Optionally, you can make this an enhancement to certain venoms - persistant cycles. Cosmic is probably the way to do this, and the fairest cost wise.

#3: Multiple Hits Are Multiple Doses - This one might in fact be what the rules sort-of intend. Treat every single dose of venom as part of a unified whole, not separate attacks. So if you get stabbed with Caustic Tar with 4 doses at once, you resist at HT-4 or take 8 damage. If you get hit 4 times in the same second with 1 dose at a time, you roll at HT-4 or take 8 damage. Bit by a snake with HT-3, 2d, 1 hour onset and 6 cycles venom? At one hour roll HT-3. Bit three times? That's more than 2 but less than four, so it's HT-5, 4d, 30 minutes onset for 6 cycles. Suddenly, a pit full of spiders with weak (HT+4 to resist) poison isn't a trivial series of rolls, but a cumulative buildup towards a series of terrible rolls.

Beyond a doubled dose, just follow the rules on p.
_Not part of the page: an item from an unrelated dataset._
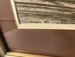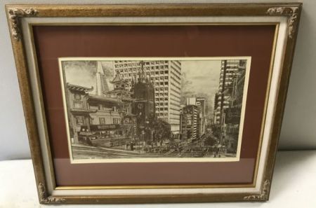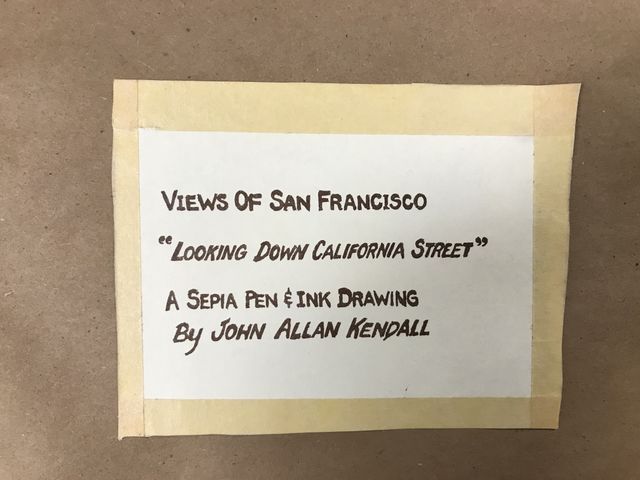Views of San Francisco by John Allan Kendall, "Looking Down California Street" , a sepia pen & ink drawing, matted, framed, 19"h., 23"w. Views of San Francisco by John Allan Kendall, "Looking Down California Street" , a sepia pen & ink drawing, matted, framed, 19"h., 23"w.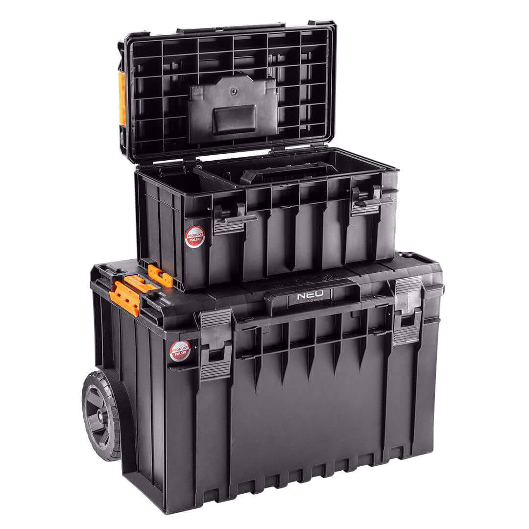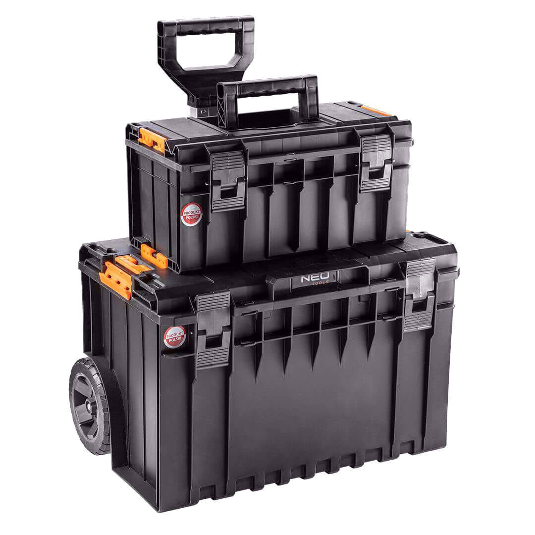 Skrzynia dwumodułowa NEO przeznaczona jest do transportu i magazynowania narzędzi budowlanych. Stabilna konstrukcja, wytrzymałe koła i teleskopowy uchwyt znacznie ułatwiają przewożenie ciężkiego sprzętu. Mniejsza skrzynia pozwala przechowywać małe narzędzia i akcesoria, natomiast w większej zmieszczą się elektronarzędzia i inne narzędzia ręczne. Praktyczne rozwiązanie dla osób lubiący dobrą organizację pracy.

B439 and simply extend it out - every doubling of the doses applies another -2 to the resistance roll and adds another iteration of damage.

Run correctly, poison can be deadly, but those three optional rules are ways to make it a bit worse for the victims.

20 comments:

  1. I think these rules are awesome, especially #2 and #3. I like that #2 makes people actually care about antivenom and rewards people that are well prepared.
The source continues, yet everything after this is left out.